It's an awful way to go. Eighteen months ago John Howard could have handed over to Peter Costello as a winner. Today he's a loser. Inevitably, losing this election will influence the way we think about the former prime minister in the years to come.
But what occurred on one Saturday in November 2007 should not provide the entire yardstick with which to measure 11 and a half years.
Economic management will be Howard's main claim to fame. The prosperity the country is experiencing is taken for granted by voters -- and that is one of the reasons the Government lost.
There's a feeling that low inflation and high growth were just luck. We are now going to find out whether it was all luck, as Labor will have its chance to prove that anyone can run the economy. Our low unemployment is the result of WorkChoices. If Labor repeals it, it and the union movement will quickly find out what the consequences will be.
Other than the economy, there are three areas of Howard's legacy that stand out. And they are notable not only because they are positive contributions, but also because they are the areas in which Howard's enemies thought he would fail.
IMMIGRATION
In the 1980s, Howard's views on Asian immigration were among the factors that cost him the Liberal leadership. No one would have predicted that 20 years later he would have presided over the largest immigration program in Australia's history. It is undeniable that in Australia there is less public argument than in any comparable country.
This is not to say that there are no aspects of the program that are controversial. But we are not as xenophobic as the Europeans, for example. For this, John Howard can take much of the credit.
History has vindicated the way John Howard treated Pauline Hanson. It would have been easy for him to have condemned Hanson, everyone who voted for One Nation, and everyone who had the slightest sympathy for anything she said. When Howard did not follow this path it allowed all his enemies to claim that he refused.
To repudiate Hanson because he secretly agreed with her. His reputation suffered, and he will probably always be tarnished by the One Nation episode.
What Howard understood, in a way that his critics did not, was that people's support for One Nation was not a product of their racism but an outcome of their perceived powerlessness in the face of massive economic and social change.
Had Howard done what the media and what many in his own party urged, which was to launch an all-out attack on Hanson and her followers -- he would have stoked even more anger and resentment.
Howard's strategy eliminated One Nation as a political force, and Hanson was reduced to Dancing with the Stars. The long-term outcome helped enshrine acceptance for Australia's large and nondiscriminatory immigration policy.
ASIA
Before Howard was elected in 1996, Labor claimed that no one in Asia would take him seriously. Paul Keating boasted that only he could maintain Australia's special relationship with Indonesia, and only he understood China and Japan.
The past 11 years have seen that theory turned on its head.
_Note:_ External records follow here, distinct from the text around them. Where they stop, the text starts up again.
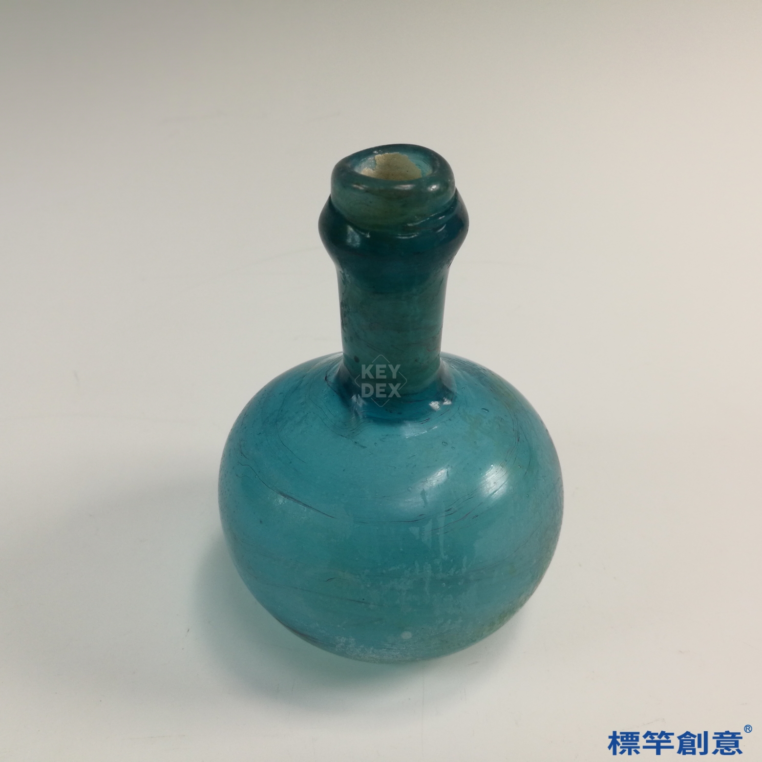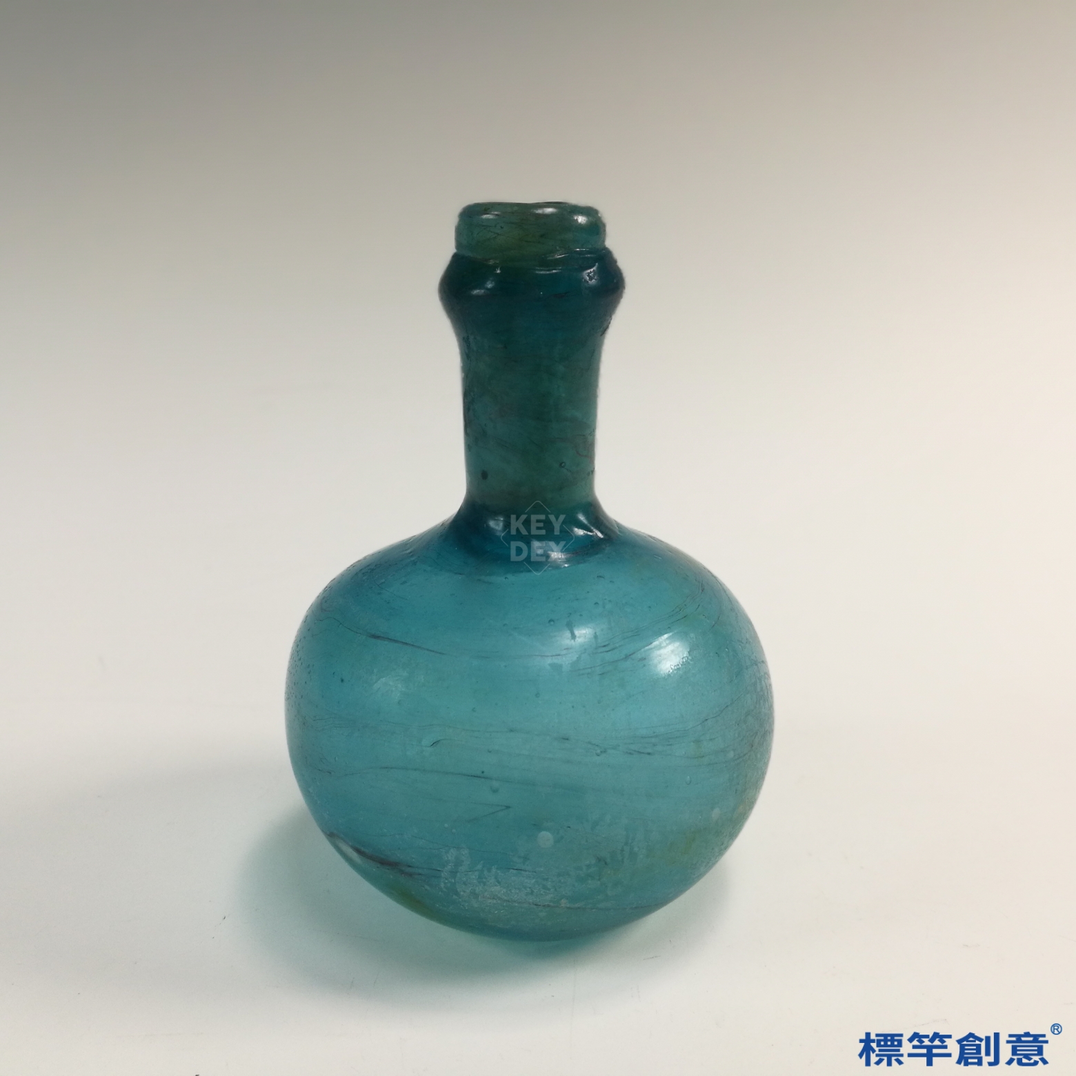 採孔雀藍琉璃材質製成,色澤深邃鮮亮,瓶身可見玻璃拉坯製程所留下的旋紋痕跡,瓶體略有氣泡及不規則流動紋,為古代熔製玻璃器常見特徵,無任何外加裝飾,造型樸素。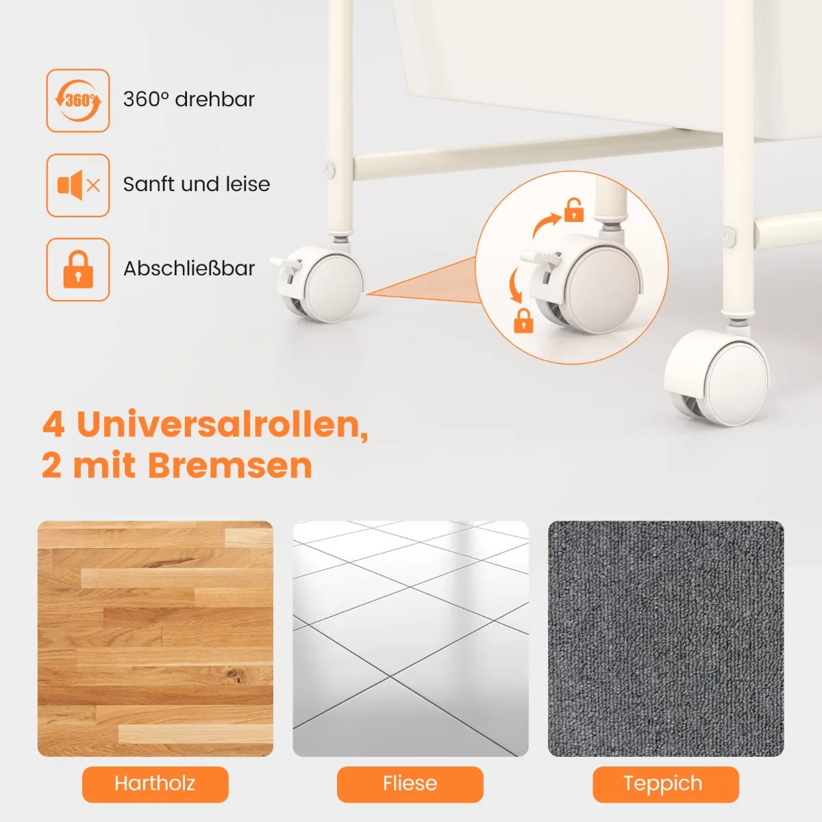 • Vežimėlis tinkamas naudoti biure, svetainėje, žaidimų kambaryje, salonuose ar kaip saugojimo sprendimas įvairiems daiktams.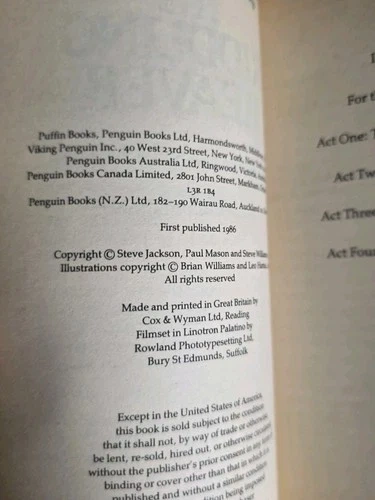The Riddling Reaver, edited by Steve Jackson, is a rare early entry in the Fighting Fantasy line. This 1986 Puffin edition is a unique campaign-style gamebook featuring four linked RPG adventures designed for a GamesMaster and group of players. Includes full rules, scenarios, illustrations, and unused adventure record sheets (shown in photos).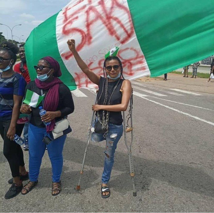 Despite living with just a limb, this did not deter her from joining the ongoing anti-SARS protest. A photo of Jane at the protest walk surfaced online, leaving many people in awe and some, inspired.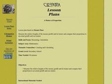 Students measure the relative heights of the mosaic giraffe and its trainer and compare their proportions to an actual giraffe and zoo trainer.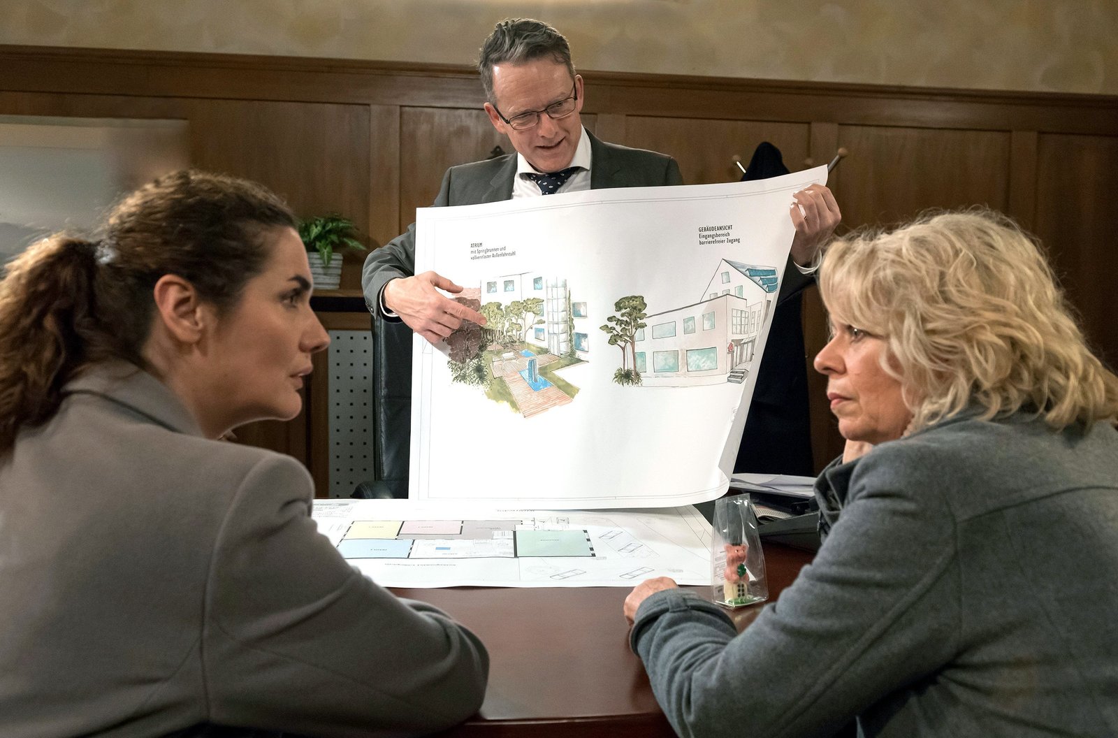 TiefschlagIn naher Zukunft jedoch soll der Ort Schönwald ein Gesundheitszentrum bekommen und im Bürgermeisteramt werden bereits große Pläne ausgerollt. V.li.: Monique (Anne von Linstow), Bernhard (Karsten Dörr) und Kati (Christiane Bachschmidt).Bild: © SWR/Alexander Kluge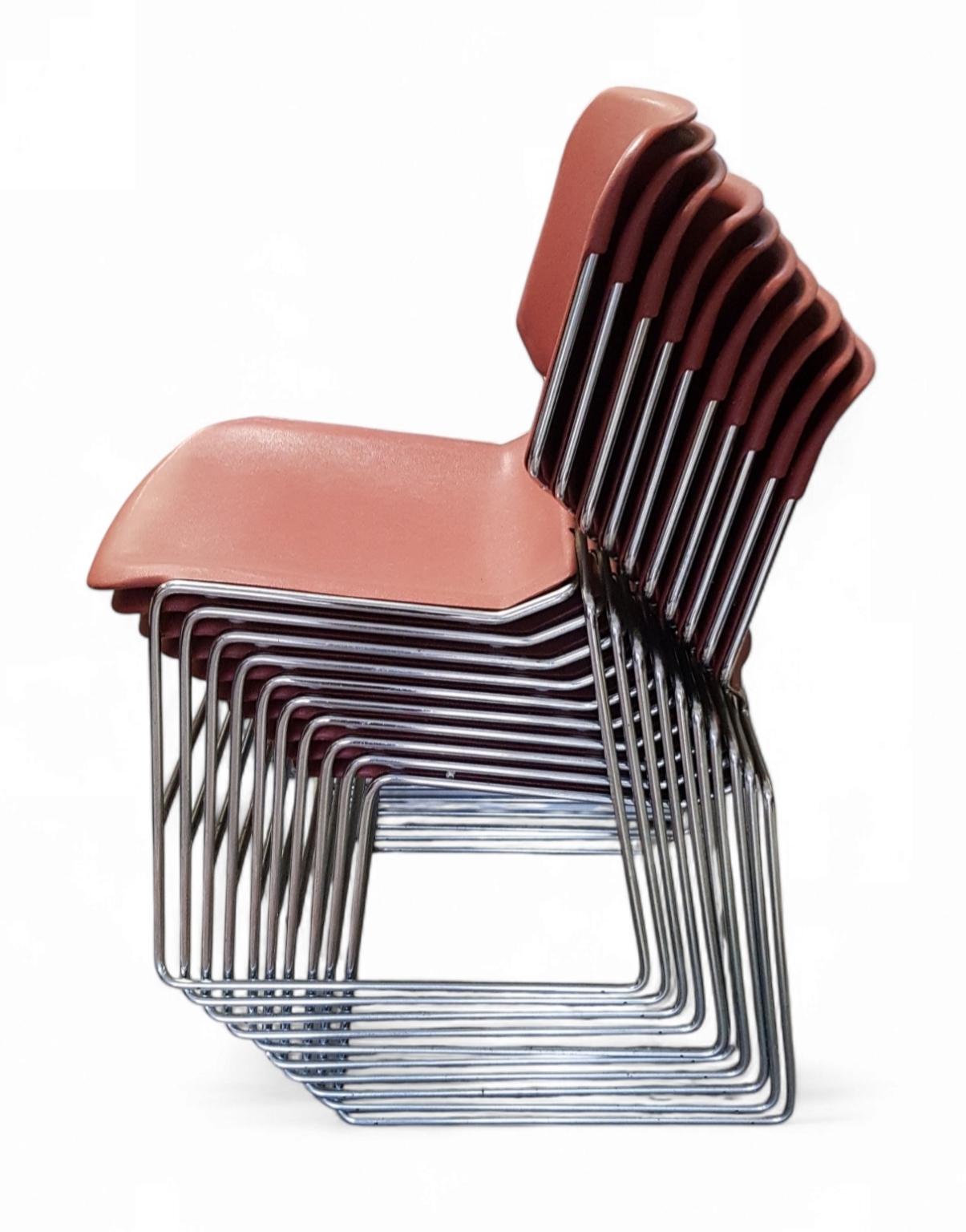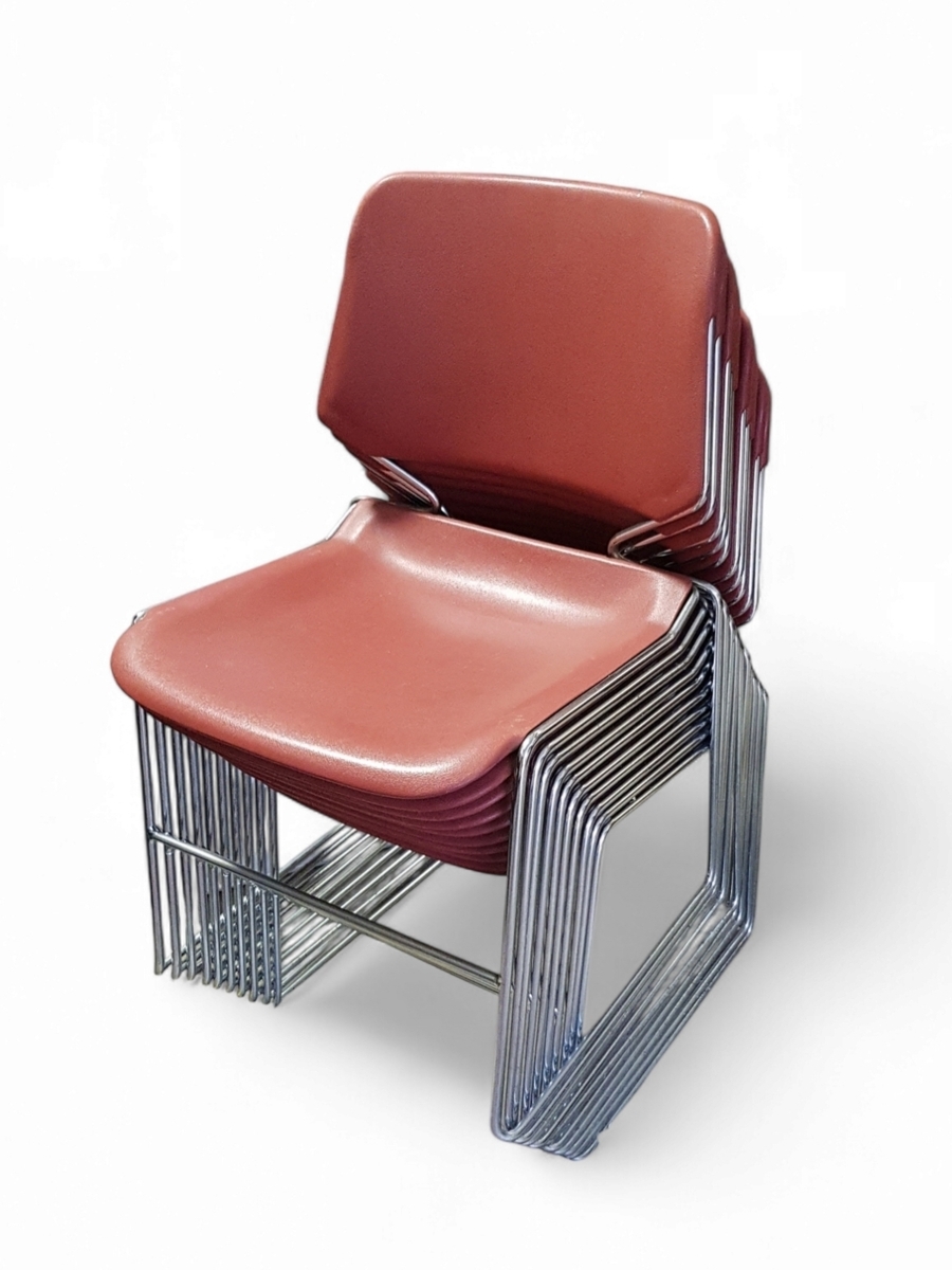 Tien stapelbare stoelen, model Matrix, design van Thomas Tolleson voor het Amerikaanse Krueger, gedateerd jaren 1970. De stoelen in Mid-century modern stijl, zijn vervaardigd uit een verchroomd stalen buisframe, gecombineerd met een terracotta kunststof kuipzitting. Wil je direct deelnemen? Plaats vanaf 21 november alvast een schriftelijk bod via onze website! |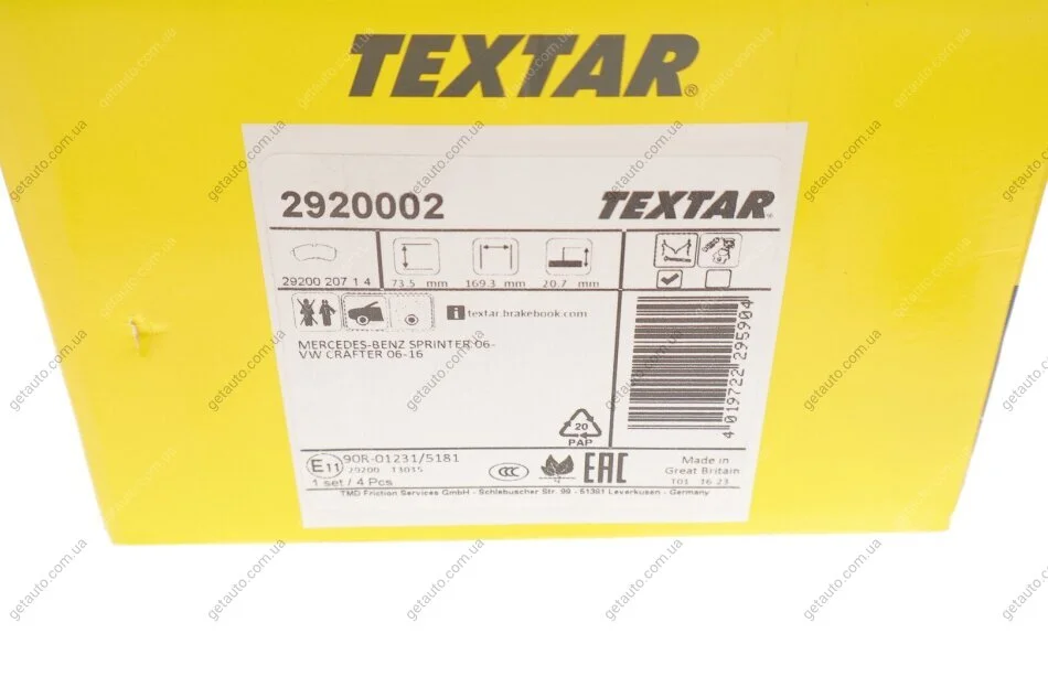 - TEXTAR 2920002 підходить до марок/моделей авто: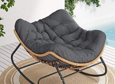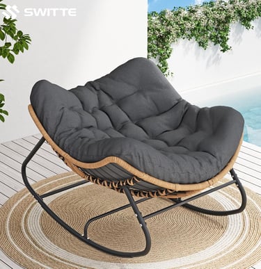 SWITTE Outdoor Rocking Chair, Oversized Patio Papasan Rocker, Comfy Wicker Reading Lounge, Indoor Egg Chair for Bedroom, Living Room, Porch, Garden, Lawn-Dark Grey
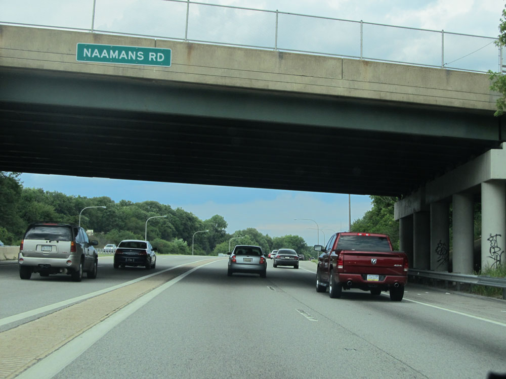 As Interstate 495 North passes under Naamans Rd, we begin to see traffic from Interstate 95 North on the left. (Photo taken 8/9/15).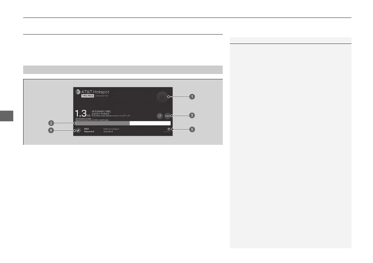 Shows the current username and password for vehicle Hotspot. Hotspot settings

Our relations with the region are close and strong. The secret of Howard's success is that he has never been hung up about whether Australia is an "Asian" country, or a country "in Asia". We don't have to choose to be one or the other, and it's not an issue that should worry us or our neighbours.
Howard's practical approach is appreciated and understood. He used his practical political skills to manage our relations with Indonesia while we pushed for independence for East Timor.
Few Australians understand how bad the Asian financial crisis of the 1990s was, and how much Australia is respected for its role in assisting the economic recovery of the region. Our $1 billion aid to Indonesia after the tsunami won widespread recognition for its generosity and for the speed with which it was given.
RECONCILIATION
John Howard's refusal to say sorry for the stolen generation has bedeviled his handling of indigenous affairs policy for a decade. His emphasis on "practical reconciliation" was unpopular, but it changed the terms of the debate. Health, education and employment are now at the centre of the discussion. Because of Howard the public argument shifted away from just being about whether to say sorry to the question of how to improve the living standards of our fellow citizens.
Even those who disagree with the policy cannot retreat from the point that the Government's Northern Territory intervention has put the issue of indigenous disadvantage on the front page of the newspapers.